When Text Extender indexes and retrieves documents, it makes a linguistic analysis of the text. As you can see from the following table, the amount of linguistic processing depends on the index type. For Ngram indexes, no linguistic processing is applied.
The linguistic processing used for indexing documents consists of:
Recognizing terms (tokenization)
Normalizing terms to a standard form
Recognizing sentences
Table 1 shows a summary of how terms are indexed when the index type
is linguistic and no additional index properties have been
requested.
Table 1. Term extraction for a linguistic index
Document text | Term in index | Linguistic processing |
---|---|---|
Mouse Käfer |
mouse kaefer |
Basic text analysis (normalization) |
mice swum |
mouse swim | Reduction to base form |
system-based Wetterbericht |
system-based, system base wetterbericht, wetter bericht |
Decomposition |
a report on animals |
report animal | Stop-word filtering. Stop words are: a, on |
By comparison, Table 2 shows a summary of how terms are indexed when the index type
is precise.
Table 2. Term extraction for a precise index
Document text | Term in index | Linguistic processing |
---|---|---|
Mouse Käfer |
Mouse Käfer |
No normalization |
mice swum |
mice swum | No reduction to base form |
a report on animals |
report animals |
Stop-word filtering. Stop words are: a, on |
system-based Wetterbericht |
system-based Wetterbericht |
No decomposition |
Text Extender processes basic text analysis without using an electronic dictionary.
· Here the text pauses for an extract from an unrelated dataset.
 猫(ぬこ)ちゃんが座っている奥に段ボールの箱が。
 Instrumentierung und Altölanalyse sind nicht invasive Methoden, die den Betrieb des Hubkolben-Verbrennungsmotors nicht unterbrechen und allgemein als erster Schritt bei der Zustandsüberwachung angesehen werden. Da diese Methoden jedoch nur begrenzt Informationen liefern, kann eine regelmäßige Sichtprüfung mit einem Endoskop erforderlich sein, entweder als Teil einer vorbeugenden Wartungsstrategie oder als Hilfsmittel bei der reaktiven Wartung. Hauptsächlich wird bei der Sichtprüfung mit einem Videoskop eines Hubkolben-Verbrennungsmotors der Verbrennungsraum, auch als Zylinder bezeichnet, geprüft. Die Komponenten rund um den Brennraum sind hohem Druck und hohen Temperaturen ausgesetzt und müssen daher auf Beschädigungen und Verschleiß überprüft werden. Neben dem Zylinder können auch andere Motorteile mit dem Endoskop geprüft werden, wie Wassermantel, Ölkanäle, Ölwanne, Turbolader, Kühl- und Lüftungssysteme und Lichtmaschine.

When documents are indexed, terms are recognized even when they contain nonalphanumeric characters, for example: "$14,225.23", "mother-in-law", and "10/22/90".
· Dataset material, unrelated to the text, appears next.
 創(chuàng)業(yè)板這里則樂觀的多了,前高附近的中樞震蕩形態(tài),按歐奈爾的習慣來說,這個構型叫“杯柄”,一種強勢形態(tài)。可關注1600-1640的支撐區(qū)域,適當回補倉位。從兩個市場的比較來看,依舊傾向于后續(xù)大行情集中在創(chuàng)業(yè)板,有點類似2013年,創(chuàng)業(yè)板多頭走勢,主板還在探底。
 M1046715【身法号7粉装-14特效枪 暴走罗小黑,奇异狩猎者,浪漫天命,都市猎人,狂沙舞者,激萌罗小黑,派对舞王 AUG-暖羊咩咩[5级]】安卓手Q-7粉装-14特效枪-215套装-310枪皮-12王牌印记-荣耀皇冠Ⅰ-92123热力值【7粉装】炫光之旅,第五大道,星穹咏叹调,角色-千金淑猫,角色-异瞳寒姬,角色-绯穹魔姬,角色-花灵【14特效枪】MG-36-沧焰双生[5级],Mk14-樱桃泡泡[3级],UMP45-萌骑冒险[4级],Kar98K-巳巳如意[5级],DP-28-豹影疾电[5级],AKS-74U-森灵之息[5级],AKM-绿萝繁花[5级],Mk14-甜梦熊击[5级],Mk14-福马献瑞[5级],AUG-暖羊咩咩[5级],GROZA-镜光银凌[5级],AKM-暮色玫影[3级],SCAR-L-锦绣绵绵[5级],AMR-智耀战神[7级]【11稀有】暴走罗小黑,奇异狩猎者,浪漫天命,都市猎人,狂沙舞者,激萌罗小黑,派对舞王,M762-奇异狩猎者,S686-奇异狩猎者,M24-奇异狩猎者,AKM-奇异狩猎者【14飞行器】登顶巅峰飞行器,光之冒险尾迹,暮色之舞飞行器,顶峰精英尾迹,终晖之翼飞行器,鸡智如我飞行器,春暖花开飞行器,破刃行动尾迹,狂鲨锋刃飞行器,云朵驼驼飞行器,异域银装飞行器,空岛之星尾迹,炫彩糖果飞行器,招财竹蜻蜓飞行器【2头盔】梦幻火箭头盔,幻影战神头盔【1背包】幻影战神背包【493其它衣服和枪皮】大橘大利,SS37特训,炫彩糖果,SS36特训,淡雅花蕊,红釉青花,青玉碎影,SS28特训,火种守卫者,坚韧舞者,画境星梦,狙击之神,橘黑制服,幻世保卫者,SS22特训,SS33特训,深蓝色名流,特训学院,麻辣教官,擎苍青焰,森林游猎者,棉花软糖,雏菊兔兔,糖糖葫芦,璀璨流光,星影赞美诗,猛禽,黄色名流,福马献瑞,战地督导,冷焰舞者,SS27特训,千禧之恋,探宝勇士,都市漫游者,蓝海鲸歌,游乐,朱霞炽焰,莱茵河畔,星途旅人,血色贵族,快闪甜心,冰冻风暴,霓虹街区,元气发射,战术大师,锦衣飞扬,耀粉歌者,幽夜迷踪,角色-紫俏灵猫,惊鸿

The following are regarded as part of a term:
Accents
Currency signs
Number separator characters (like "/" or ".")
The "@" character in e-mail addresses (English only)
The "+" sign.
Language-specific rules are also used to recognize terms containing:
Normalizing reduces mixed-case terms, and terms containing accented or special characters, to a standard form. This is done by default when the index type is linguistic, or when a dual index is used with the search parameter STEMMED FORM OF. (In a precise index the case of letters is left unchanged--searches are case-sensitive.)
For example, the term Computer is indexed as computer, the uppercase letter is changed to lowercase. A search for the term computer finds occurrences not only of computer, but also of Computer. The effect of normalization during indexing is that terms are indexed in the same way, regardless of how they are capitalized in the document.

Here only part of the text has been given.